# My First Problem



## sciphi (Aug 26, 2011)

It'll definitely do 109+ mph given enough room.

Hope it doesn't repeat itself. Sounds like a cluster error, or a vehicle speed sensor on the fritz. I'd bet cluster, knowing others have had problems with theirs.


----------



## Xlr8machineshop (Jul 17, 2011)

It's a known problem happend to a number of people on this site including me brought it to the dealer and they could not recreate so they did nothing apparently you have to complain a few times for a fix


----------



## Jim Frye (Mar 16, 2011)

Skagit ECO said:


> While stopped at a red, light my digital speedometer read 109 mph!! By the time the light turned green it had dropped to 99. Once I got going the speedometer displayed actual speed.
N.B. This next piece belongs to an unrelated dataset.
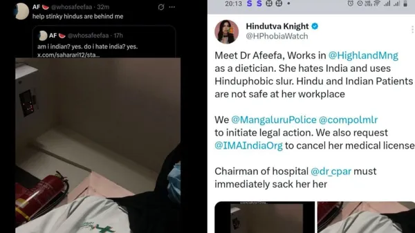 ಪಹಲ್ಗಾಮ್ ದಾಳಿ ನಂತರ ಭಾರತ ಹಾಗೂ ಪಾಕಿಸ್ತಾನ ಮಧ್ಯೆ ಉದ್ವಿಗ್ನ ಪರಿಸ್ಥಿತಿ ಇರುವ ಸಂದರ್ಭದಲ್ಲಿಯೇ ವೈದ್ಯೆ ಈ ರೀತಿ ಪೋಸ್ಟ್ ಮಾಡಿರುವುದಕ್ಕೆ ಹಿಂದೂ ಸಂಘಟನೆಗಳಿಂದ ತೀವ್ರ ವಿರೋಧ ವ್ಯಕ್ತವಾಗಿದೆ. ಮಂಗಳೂರಿನ ಹೈಲ್ಯಾಂಡ್ ಆಸ್ಪತ್ರೆ ವೈದ್ಯೆ ಅಫೀಫ ಫಾತಿಮಾ ಎಂಬಾಕೆ ದೇಶ ವಿರೋಧಿ ಸಂದೇಶ ಪ್ರಕಟಿಸಿದ್ದು, ಸದ್ಯ ಆಕೆಯ ವಿರುದ್ಧ ಮಂಗಳೂರು ನಗರದ ಪಾಂಡೇಶ್ವರ ಪೊಲೀಸ್ ಠಾಣೆಯಲ್ಲಿ ಎಫ್ಐಆರ್ ದಾಖಲಿಸಲಾಗಿದೆ. ಹೈಲ್ಯಾಂಡ್ ಆಸ್ಪತ್ರೆ ಹೆಚ್ಆರ್ ಮೊಹಮ್ಮದ್ ಅಸ್ಲಾಂ ದೂರು ಆಧರಿಸಿ ಬಿಎನ್ಎಸ್ ಕಲಂ 196(1)(a), 353(2) ಅಡಿಯಲ್ಲಿ ಎಫ್ಐಆರ್ ದಾಖಲಿಸಲಾಗಿದೆ.

I have only noticed this once. Otherwise no problems after 4,500 miles. BTW my '12 ECO MT DIC reports an average of 35.0 mpg since new. Fuelly reports about 4% less at 33.5 mpg. About 50% interstate driving all on 87 octane +10% ethanol. Overall it's a great car for the money although I doubt it will do 109.


There was a TSB out last year that addressed dirty wheel speed sensors and how to correct it. The wheel speed sensors are rings with magnet material embedded in them. If the rings get dirt on them, they can give false speed readings to the computers.


----------



## XtremeRevolution (Jan 19, 2012)

Jim Frye said:


> There was a TSB out last year that addressed dirty wheel speed sensors and how to correct it. The wheel speed sensors are rings with magnet material embedded in them. If the rings get dirt on them, they can give false speed readings to the computers.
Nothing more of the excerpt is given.